Bitcoin (BTC) experienced $1.04 billion in net inflows to exchanges this week, effectively reversing three weeks of outflows, according to IntoTheBlock. This shift highlights market uncertainty driven by macroeconomic factors. The $1.3 billion inflow contributed to $3.2 million in total BTC transaction fees, a 10.74% decline from the previous week.
Large exchange inflows often signal potential selling pressure, as traders transfer assets for liquidation. This trend has fueled speculation about Bitcoin’s next price movement, especially after weeks of stagnation.
Institutional interest in Bitcoin continues to grow. CNBC reported that GameStop (NYSE:GME) is exploring potential investments in Bitcoin and other cryptocurrencies, although the company is still assessing the move’s alignment with its business strategy.

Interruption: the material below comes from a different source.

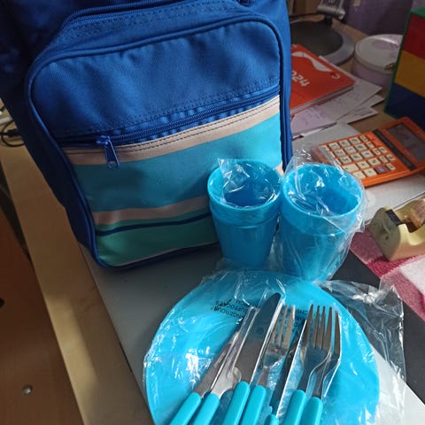 Kuvan piknik astiasto kaikkia 4kpl ja laukussa kylmä kassi samassa ja astioille oma puoli.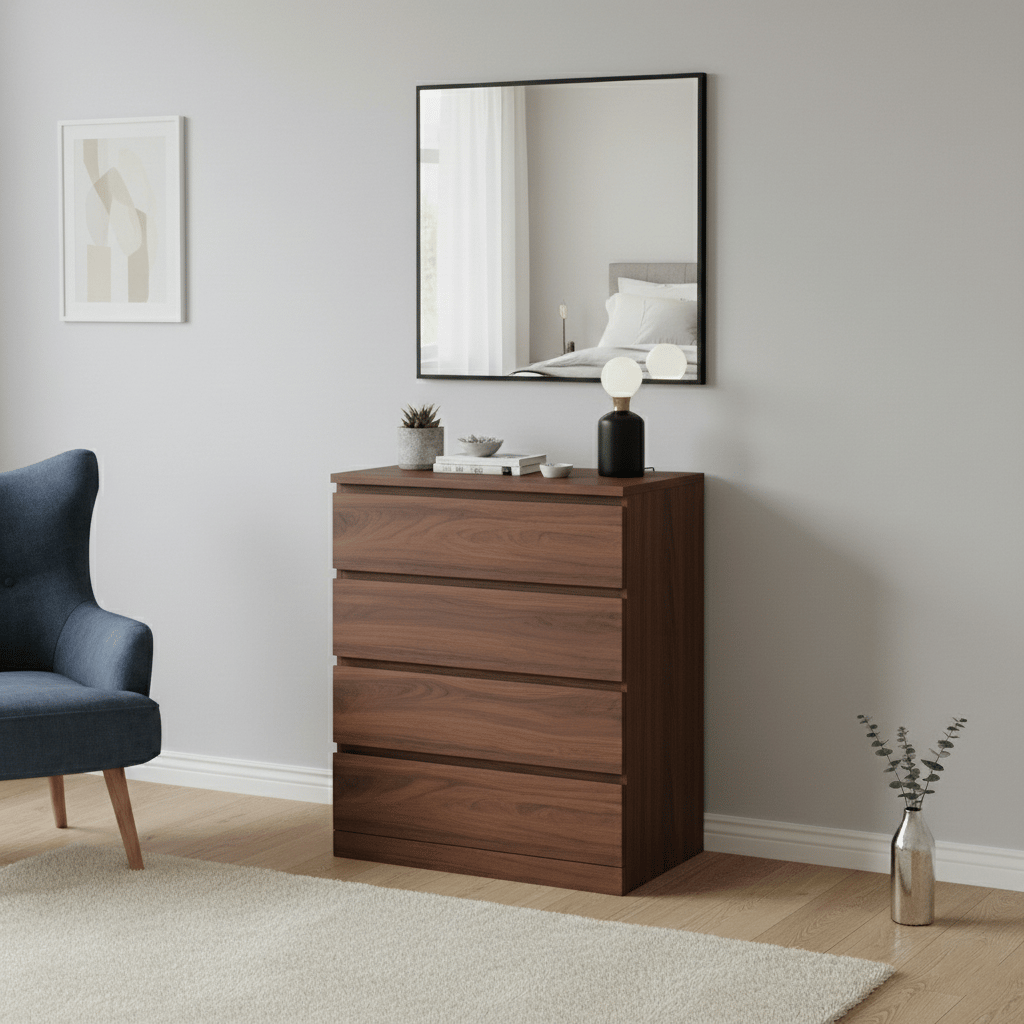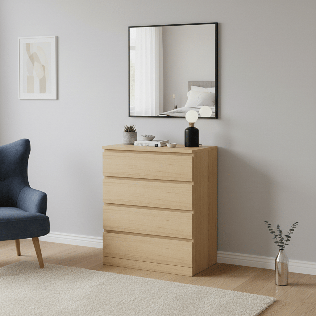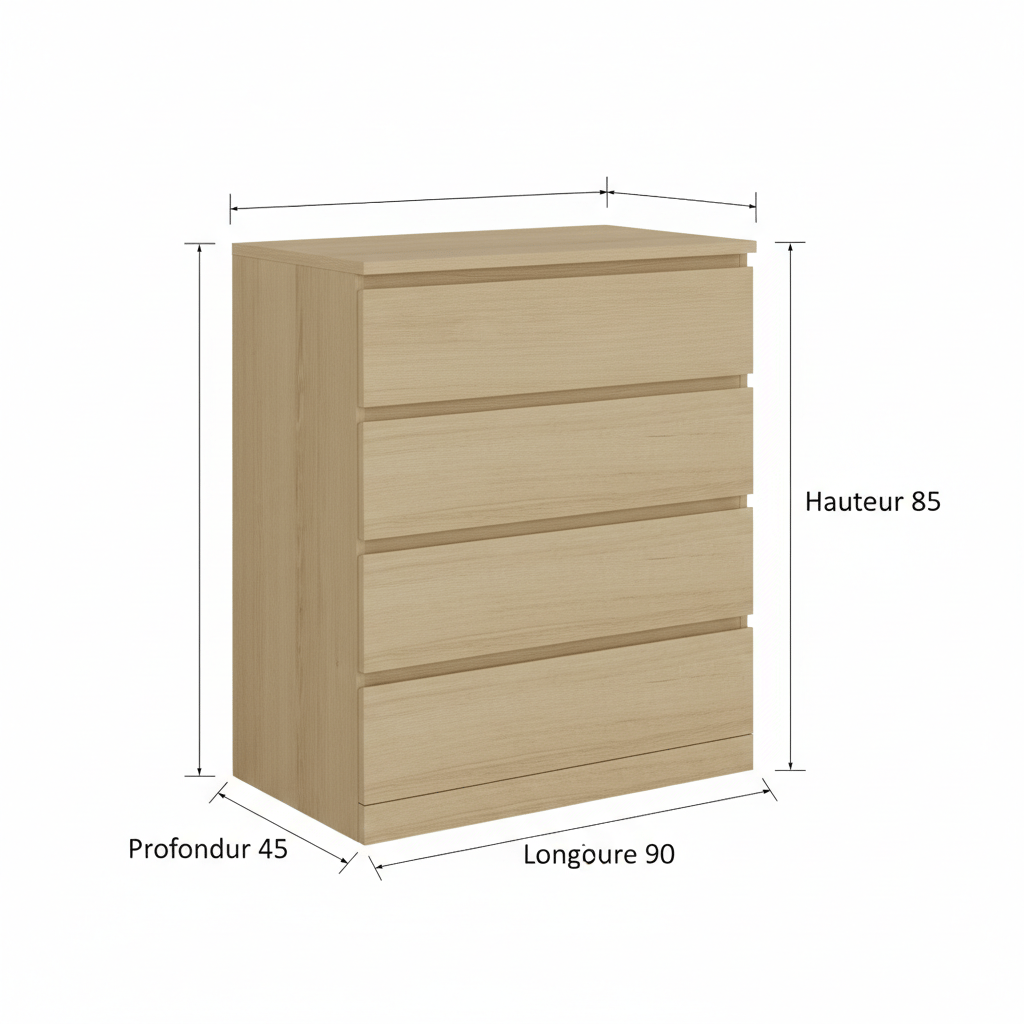 Grand Volume de Stockage : Ses quatre tiroirs profonds permettent d'organiser facilement les vêtements, le linge de maison ou les documents.

Bitcoin saw a brief surge to $98,980 on Friday following strong U.S. January retail sales data, which exceeded analyst expectations and raised hopes for a Federal Reserve rate cut in the first half of 2025. However, Bitcoin quickly retreated, trading at $97,612 at the time of writing, down 0.21% in the last 24 hours. This marks the fifth consecutive weekend of decline, with BTC remaining below its 50-day simple moving average (SMA) of $98,758.
Economic concerns, including higher-than-expected CPI data, have weighed on Bitcoin, with prices dipping near $94,000 earlier this week. Federal Reserve Chair Jerome Powell reiterated the Fed’s focus on reducing inflation during a House Financial Services Committee meeting, noting significant progress but emphasizing that the fight against inflation is not over.
As Bitcoin hovers in a narrow range, traders await its next significant move, balancing macroeconomic pressures and growing institutional interest.